S1MØNE

Al Pacino veroorzaakt massahypnose

  • Datum 12-01-2011
  • Auteur
  • Gerelateerde Films S1MØNE
  • Regie
    Andrew Niccol
    Te zien vanaf
    01-01-2002
    Land
    Verenigde Staten
  • Deel dit artikel

Digitale megaster

Dom zijn ze, de showbizz-pers en het volk dat massaal achter de filmsterren aanloopt, zo valt uit de magere mediasatire S1møne op te maken.
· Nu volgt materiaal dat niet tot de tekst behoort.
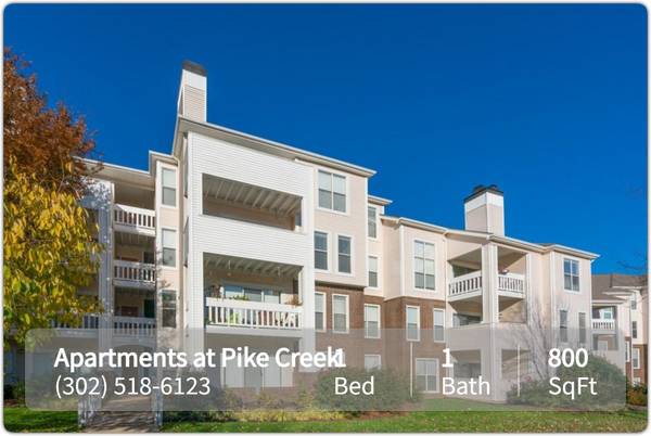 Description: Located in a beautiful setting that combines the comforts of home with superior resident services and outstanding community amenities, The Apartments at Pike Creek is Newark's premier garden apartment community. Our apartment homes were designed with your lifestyle in mind, so whether you choose our one bedroom, one bedroom with den, or two bedroom floor plan option, you will find the serenity and convenience of The Apartments at Pike Creek to be your refreshing paradise.
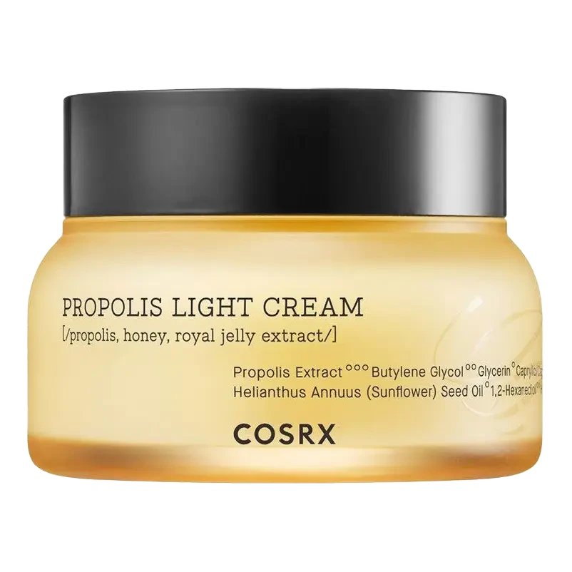COSRX Full Fit Propolis Light Cream er en lett, men nĂŠrende ansiktskrem som passer for alle hudtyper. Kremen inneholder 65 % svart biepropolis, som er kjent for sine fuktighetsgivende og styrkende egenskaper. Den lette teksturen gjĂžr at kremen raskt absorberes i huden, noe som gir en umiddelbar fĂžlelse av fukt og komfort.
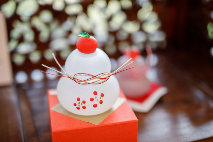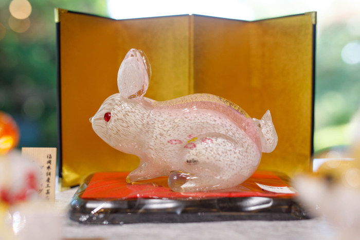 毎年大人気のガラスの鏡餅や、2023年の干支であるうさぎのオブジェなど、自分用にも、贈り物にもぴったりのアイテムがずらりと並びます。手のひらサイズの作品が多いので、日常生活に縁起物を気軽に取り入れることができます。
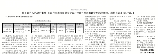 四、本次公开出让的详细资料和具体要求,详见玉土交出〔2012〕23号《玉环县国有建设用地使用权公开出让文件》。竞买申请人可于2012年11月16日至2012年12月10日(不含法定节假日),到玉环县招投标中心土地产权交易部(玉环县财政局财务开发公司三楼)或玉环县土地交易中心(玉环县国土资源局二楼)获取公开出让文件。
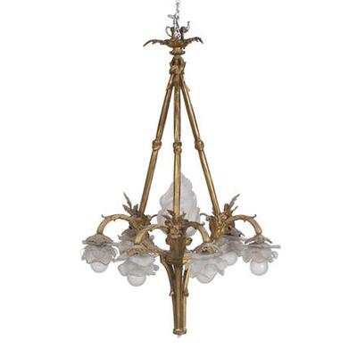 Gilt bronze chandelier decorated with leaves and ribbons, seven fires and glass tulips representing petals of flowers.
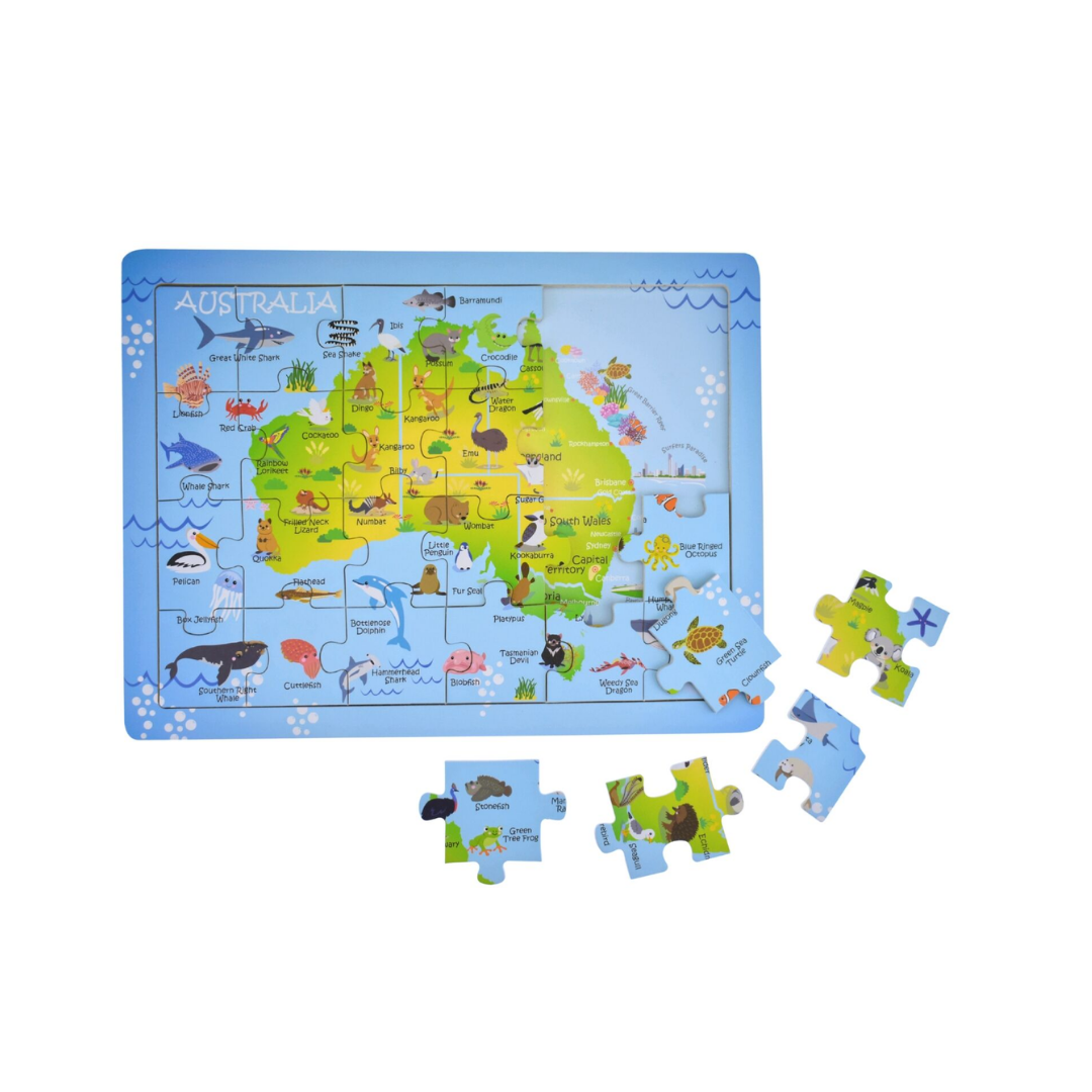 Children will love piecing together the colourful map, spotting native animals, and naming landmarks as they play. Each piece fits snugly into the wooden tray, making it easy to assemble and store. This engaging activity encourages interactive play with parents or friends while teaching geography and nature in a fun, hands-on way.
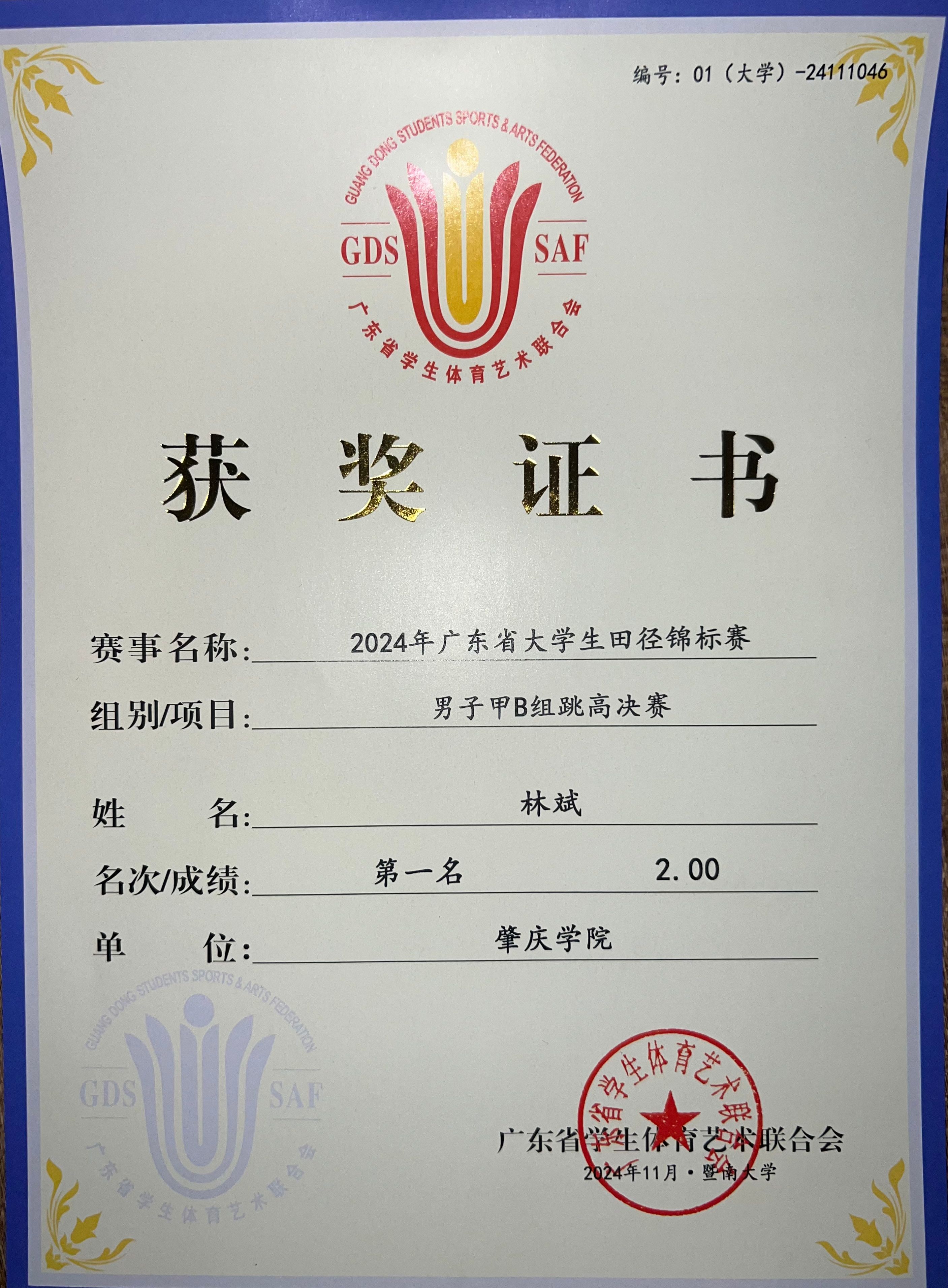 在领队孙中俊教练的带领下,经过3天的激烈角逐,林斌以2米的成绩获得2024年广东省老员工田径锦标赛男子甲B组跳高决赛第一名,较2022年和2023年第二名的成绩取得登顶式突破。他本人也连续三年打破了由自己保持的公司运动会和公司运动会记录,夺得太阳集团122cc2024年田径运动会普通专业男子跳高第一名。林斌同学始终秉承“脚踏实地,在平凡中追求进步”的经管人精神,奋力拼搏,追求卓越,既为观众奉献了精彩的比赛,更是为经管学子树立了榜样和激发了斗志。

Al Pacino schittert in rollen waarin hij macht uitstraalt, zoals de Godfather-cyclus of The devil’s advocate, maar verschrompelt als oudere man die zijn succesvolle periode achter de rug heeft. Zo’n laatste rol speelt hij in S1møne, de derde film van regisseur Andrew Niccol, die als scenarist verantwoordelijk was voor The Truman show en Gattaca.
Victor Taransky (Pacino) valt in de openingsscène van S1møne op de knieën voor een actrice met sterallures, maar zij is onverbiddelijk. Ze wil niet meer meewerken aan de bijna volledig opgenomen film. En dat terwijl dit de laatste kans betekende voor de regisseur met kopzorgen en wel erg nonchalant gestyled kapsel. Pacino’s wallen verdubbelen in vijf minuten tijd.
De redding dient zich aan in de vorm van een eenogige zwerver. Hij heeft software ontwikkeld die acteurs voortaan overbodig maakt omdat de digitale personages niet van echt zijn te onderscheiden. Nadat dit procédé op Taransky’s mislukte productie is toegepast, groeit de film uit tot een monsterhit en de digitale actrice ‘S1møne’ tot een nieuwe megaster. Iedereen wil meer van haar weten, maar Taransky heeft niemand verteld dat S1møne een animatie is en moet nu halsbrekende toeren uithalen om de leugen in stand te houden.

Soufflé
In het ingenieuze The Truman show was die leugen geloofwaardig. Jim Carrey leefde in een georkestreerde wereld waarin iedereen zijn best deed hem voor te gek te houden. In S1møne is het precies omgekeerd, Taransky moet in zijn eentje de hele wereld overtuigen dat een vrouw die nog nooit iemand de hand heeft geschud werkelijk bestaat, waarmee Niccol wederom duidelijk wil maken hoe dom het grote publiek is en hoe doortrapt de mediawereld in elkaar zit.
The Truman Show heeft ten minste een spanningsboog waardoor je mee kan leven met de vertwijfelde Jim Carrey. Niccols boodschap is in S1møne na een half uur al duidelijk: de massa die sterren op een ongezonde manier adoreert en de pers die met oogkleppen achter een hype aan loopt, zijn allemaal even dom. Bovendien zouden regisseurs weer belangrijker moeten worden dan acteurs, die vooral duur en vervelend zijn.
Inmiddels begint zich een patroon af te tekenen in Niccols oeuvre: telkens weer bevinden zijn personages zich in een postmoderne wereld waarin realiteit en fictie door elkaar lopen. De verwarring die dat teweeg brengt kan een sterke film opleveren, omdat de bioscoopbezoeker een soort ‘meta-ervaring’ beleeft. Zodra Niccols betoog een paar zwakheden vertoont, zakt het scenario als een soufflé in elkaar, zoals in S1møne.
Taransky haalt gedurende de hele film halsbrekende toeren uit om het publiek in ‘zijn ster’ te laten geloven. Zelfs een hologramoptreden in een tjokvolle sportarena weet hij tot een succesvol einde te brengen. Tenminste, het publiek in de film gelooft het. Als kijker ben je dan allang afgehaakt vanwege de vele gaten in het script en Taransky’s ongeloofwaardige pogingen jan en alleman te misleiden. Niccol faalt omdat hij de domheid die hij in de film bij het grote publiek veronderstelt, ook verwacht bij de bioscoopbezoeker. De meta-boodschap die hij wil vertellen keert zich dan als een boemerang tegen hem.